* TASK STATEMENT
Print the line that contains "Lightweight white maxi" and every line after it through the last line of the records below, exactly as written and nothing else.

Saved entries

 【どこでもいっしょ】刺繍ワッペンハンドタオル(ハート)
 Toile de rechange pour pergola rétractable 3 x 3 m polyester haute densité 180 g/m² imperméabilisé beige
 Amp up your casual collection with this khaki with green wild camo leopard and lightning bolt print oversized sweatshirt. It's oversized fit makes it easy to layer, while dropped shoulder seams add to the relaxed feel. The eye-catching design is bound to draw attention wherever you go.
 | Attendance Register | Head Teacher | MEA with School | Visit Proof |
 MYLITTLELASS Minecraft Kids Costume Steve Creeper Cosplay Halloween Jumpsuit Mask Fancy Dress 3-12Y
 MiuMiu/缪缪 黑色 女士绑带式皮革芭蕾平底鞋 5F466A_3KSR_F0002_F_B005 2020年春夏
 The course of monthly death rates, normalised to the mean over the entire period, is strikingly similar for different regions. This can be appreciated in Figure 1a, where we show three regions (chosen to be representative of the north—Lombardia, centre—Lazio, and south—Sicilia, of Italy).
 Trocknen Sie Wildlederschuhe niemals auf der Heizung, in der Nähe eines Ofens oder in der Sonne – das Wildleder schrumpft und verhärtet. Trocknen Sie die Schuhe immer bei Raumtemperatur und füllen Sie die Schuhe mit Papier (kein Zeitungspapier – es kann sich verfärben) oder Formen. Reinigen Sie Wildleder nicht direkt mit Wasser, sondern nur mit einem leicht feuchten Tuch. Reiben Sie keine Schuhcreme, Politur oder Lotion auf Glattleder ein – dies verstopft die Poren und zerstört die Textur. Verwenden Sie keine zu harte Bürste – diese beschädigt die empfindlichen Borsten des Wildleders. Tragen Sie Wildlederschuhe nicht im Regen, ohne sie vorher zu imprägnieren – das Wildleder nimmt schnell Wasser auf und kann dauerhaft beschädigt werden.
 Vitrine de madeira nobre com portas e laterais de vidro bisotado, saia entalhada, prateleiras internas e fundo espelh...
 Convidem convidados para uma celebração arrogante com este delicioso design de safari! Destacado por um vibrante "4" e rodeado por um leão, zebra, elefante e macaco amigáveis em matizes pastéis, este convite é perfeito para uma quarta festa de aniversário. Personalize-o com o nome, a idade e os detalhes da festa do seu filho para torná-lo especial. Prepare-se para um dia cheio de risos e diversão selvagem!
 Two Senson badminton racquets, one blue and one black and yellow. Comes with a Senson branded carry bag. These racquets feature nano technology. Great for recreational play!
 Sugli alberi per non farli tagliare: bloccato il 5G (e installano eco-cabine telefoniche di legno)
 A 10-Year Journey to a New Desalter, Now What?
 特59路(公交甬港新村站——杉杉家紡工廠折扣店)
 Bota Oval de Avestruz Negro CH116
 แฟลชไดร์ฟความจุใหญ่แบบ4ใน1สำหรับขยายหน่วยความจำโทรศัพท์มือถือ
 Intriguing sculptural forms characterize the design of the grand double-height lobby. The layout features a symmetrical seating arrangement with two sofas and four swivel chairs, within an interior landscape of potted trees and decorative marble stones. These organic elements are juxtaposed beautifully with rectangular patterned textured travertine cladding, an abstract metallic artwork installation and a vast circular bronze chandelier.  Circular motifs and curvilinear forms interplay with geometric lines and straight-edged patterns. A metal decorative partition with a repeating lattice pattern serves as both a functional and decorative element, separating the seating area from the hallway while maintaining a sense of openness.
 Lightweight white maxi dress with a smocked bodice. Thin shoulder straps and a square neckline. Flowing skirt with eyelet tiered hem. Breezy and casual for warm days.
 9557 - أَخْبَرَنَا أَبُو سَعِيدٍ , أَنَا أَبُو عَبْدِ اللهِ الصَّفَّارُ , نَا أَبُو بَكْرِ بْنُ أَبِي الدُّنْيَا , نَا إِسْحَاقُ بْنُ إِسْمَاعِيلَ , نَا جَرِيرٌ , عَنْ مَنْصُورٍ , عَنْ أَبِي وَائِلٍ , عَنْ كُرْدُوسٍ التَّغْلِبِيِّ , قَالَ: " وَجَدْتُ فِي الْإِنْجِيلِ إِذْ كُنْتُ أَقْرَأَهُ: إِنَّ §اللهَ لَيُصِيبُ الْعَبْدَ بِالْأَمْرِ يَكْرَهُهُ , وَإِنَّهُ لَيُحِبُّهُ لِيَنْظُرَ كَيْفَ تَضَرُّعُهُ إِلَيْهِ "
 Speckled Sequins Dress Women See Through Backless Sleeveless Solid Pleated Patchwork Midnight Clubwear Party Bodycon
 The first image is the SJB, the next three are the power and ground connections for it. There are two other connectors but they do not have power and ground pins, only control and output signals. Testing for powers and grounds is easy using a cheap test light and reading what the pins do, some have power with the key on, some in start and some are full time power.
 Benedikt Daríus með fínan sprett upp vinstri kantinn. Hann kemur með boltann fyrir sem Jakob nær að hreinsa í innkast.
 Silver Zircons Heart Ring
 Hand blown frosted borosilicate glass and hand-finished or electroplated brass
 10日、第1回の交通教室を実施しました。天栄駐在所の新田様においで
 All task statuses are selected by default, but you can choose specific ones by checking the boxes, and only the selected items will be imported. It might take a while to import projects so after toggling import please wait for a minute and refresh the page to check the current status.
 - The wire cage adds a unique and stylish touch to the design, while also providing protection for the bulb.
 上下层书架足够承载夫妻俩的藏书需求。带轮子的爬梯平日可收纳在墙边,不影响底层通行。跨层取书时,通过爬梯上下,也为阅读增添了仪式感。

* SOLUTION BELOW
 Lightweight white maxi dress with a smocked bodice. Thin shoulder straps and a square neckline. Flowing skirt with eyelet tiered hem. Breezy and casual for warm days.
 9557 - أَخْبَرَنَا أَبُو سَعِيدٍ , أَنَا أَبُو عَبْدِ اللهِ الصَّفَّارُ , نَا أَبُو بَكْرِ بْنُ أَبِي الدُّنْيَا , نَا إِسْحَاقُ بْنُ إِسْمَاعِيلَ , نَا جَرِيرٌ , عَنْ مَنْصُورٍ , عَنْ أَبِي وَائِلٍ , عَنْ كُرْدُوسٍ التَّغْلِبِيِّ , قَالَ: " وَجَدْتُ فِي الْإِنْجِيلِ إِذْ كُنْتُ أَقْرَأَهُ: إِنَّ §اللهَ لَيُصِيبُ الْعَبْدَ بِالْأَمْرِ يَكْرَهُهُ , وَإِنَّهُ لَيُحِبُّهُ لِيَنْظُرَ كَيْفَ تَضَرُّعُهُ إِلَيْهِ "
 Speckled Sequins Dress Women See Through Backless Sleeveless Solid Pleated Patchwork Midnight Clubwear Party Bodycon
 The first image is the SJB, the next three are the power and ground connections for it. There are two other connectors but they do not have power and ground pins, only control and output signals. Testing for powers and grounds is easy using a cheap test light and reading what the pins do, some have power with the key on, some in start and some are full time power.
 Benedikt Daríus með fínan sprett upp vinstri kantinn. Hann kemur með boltann fyrir sem Jakob nær að hreinsa í innkast.
 Silver Zircons Heart Ring
 Hand blown frosted borosilicate glass and hand-finished or electroplated brass
 10日、第1回の交通教室を実施しました。天栄駐在所の新田様においで
 All task statuses are selected by default, but you can choose specific ones by checking the boxes, and only the selected items will be imported. It might take a while to import projects so after toggling import please wait for a minute and refresh the page to check the current status.
 - The wire cage adds a unique and stylish touch to the design, while also providing protection for the bulb.
 上下层书架足够承载夫妻俩的藏书需求。带轮子的爬梯平日可收纳在墙边,不影响底层通行。跨层取书时,通过爬梯上下,也为阅读增添了仪式感。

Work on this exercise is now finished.